Copy the data exactly; pictures stay out of the copy.
[MATERIAL PROVIDED Boundary: Start]
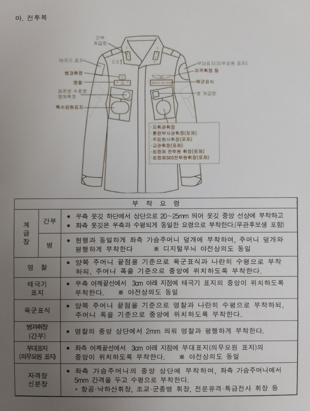 - [4학년 후보생] 육군 정복 및 야전상의 복제 규정
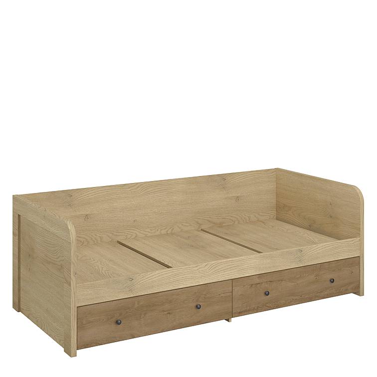 Postel Denzel 2s/90 v dekoru dub Cremona a dub Lefkas kombinuje minimalistický loftový design se stabilní konstrukcí a praktickými dvěma zásuvkami, ideální do moderního studentského pokoje.
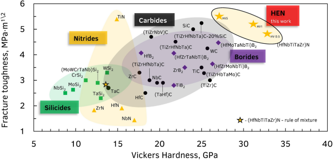 Fig. 1. Diagram of dependence of crack resistance and hardness with measured values for high-entropy nitride and previously obtained ceramics.
[MATERIAL PROVIDED Boundary: End]
SOLUTION TO THIS EXERCISE →
 - [4학년 후보생] 육군 정복 및 야전상의 복제 규정
 Postel Denzel 2s/90 v dekoru dub Cremona a dub Lefkas kombinuje minimalistický loftový design se stabilní konstrukcí a praktickými dvěma zásuvkami, ideální do moderního studentského pokoje.
 Fig. 1. Diagram of dependence of crack resistance and hardness with measured values for high-entropy nitride and previously obtained ceramics.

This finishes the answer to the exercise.